** Opening Recorded information block **

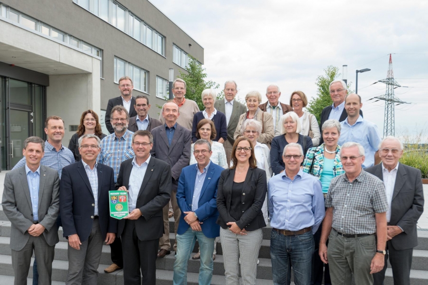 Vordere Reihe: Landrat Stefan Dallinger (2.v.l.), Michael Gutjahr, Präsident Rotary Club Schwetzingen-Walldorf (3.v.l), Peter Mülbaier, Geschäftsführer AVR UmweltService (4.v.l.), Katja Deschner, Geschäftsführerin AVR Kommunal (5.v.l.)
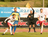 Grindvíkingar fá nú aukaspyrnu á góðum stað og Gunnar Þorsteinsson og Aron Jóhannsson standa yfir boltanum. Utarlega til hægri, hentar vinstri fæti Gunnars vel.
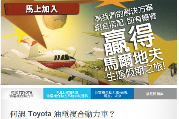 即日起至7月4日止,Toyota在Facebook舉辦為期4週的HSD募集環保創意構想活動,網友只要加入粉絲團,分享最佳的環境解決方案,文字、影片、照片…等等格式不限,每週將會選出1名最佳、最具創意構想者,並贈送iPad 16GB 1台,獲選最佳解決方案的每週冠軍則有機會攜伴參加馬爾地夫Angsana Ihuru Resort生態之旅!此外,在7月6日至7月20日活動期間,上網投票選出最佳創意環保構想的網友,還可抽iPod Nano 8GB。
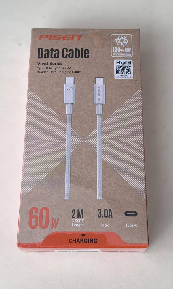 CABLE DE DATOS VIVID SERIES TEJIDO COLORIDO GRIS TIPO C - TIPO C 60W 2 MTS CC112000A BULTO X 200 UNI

** Closing Recorded information block **

Set down the whole listing word for word, omitting the pictures.

 Vordere Reihe: Landrat Stefan Dallinger (2.v.l.), Michael Gutjahr, Präsident Rotary Club Schwetzingen-Walldorf (3.v.l), Peter Mülbaier, Geschäftsführer AVR UmweltService (4.v.l.), Katja Deschner, Geschäftsführerin AVR Kommunal (5.v.l.)
 Grindvíkingar fá nú aukaspyrnu á góðum stað og Gunnar Þorsteinsson og Aron Jóhannsson standa yfir boltanum. Utarlega til hægri, hentar vinstri fæti Gunnars vel.
 即日起至7月4日止,Toyota在Facebook舉辦為期4週的HSD募集環保創意構想活動,網友只要加入粉絲團,分享最佳的環境解決方案,文字、影片、照片…等等格式不限,每週將會選出1名最佳、最具創意構想者,並贈送iPad 16GB 1台,獲選最佳解決方案的每週冠軍則有機會攜伴參加馬爾地夫Angsana Ihuru Resort生態之旅!此外,在7月6日至7月20日活動期間,上網投票選出最佳創意環保構想的網友,還可抽iPod Nano 8GB。
 CABLE DE DATOS VIVID SERIES TEJIDO COLORIDO GRIS TIPO C - TIPO C 60W 2 MTS CC112000A BULTO X 200 UNI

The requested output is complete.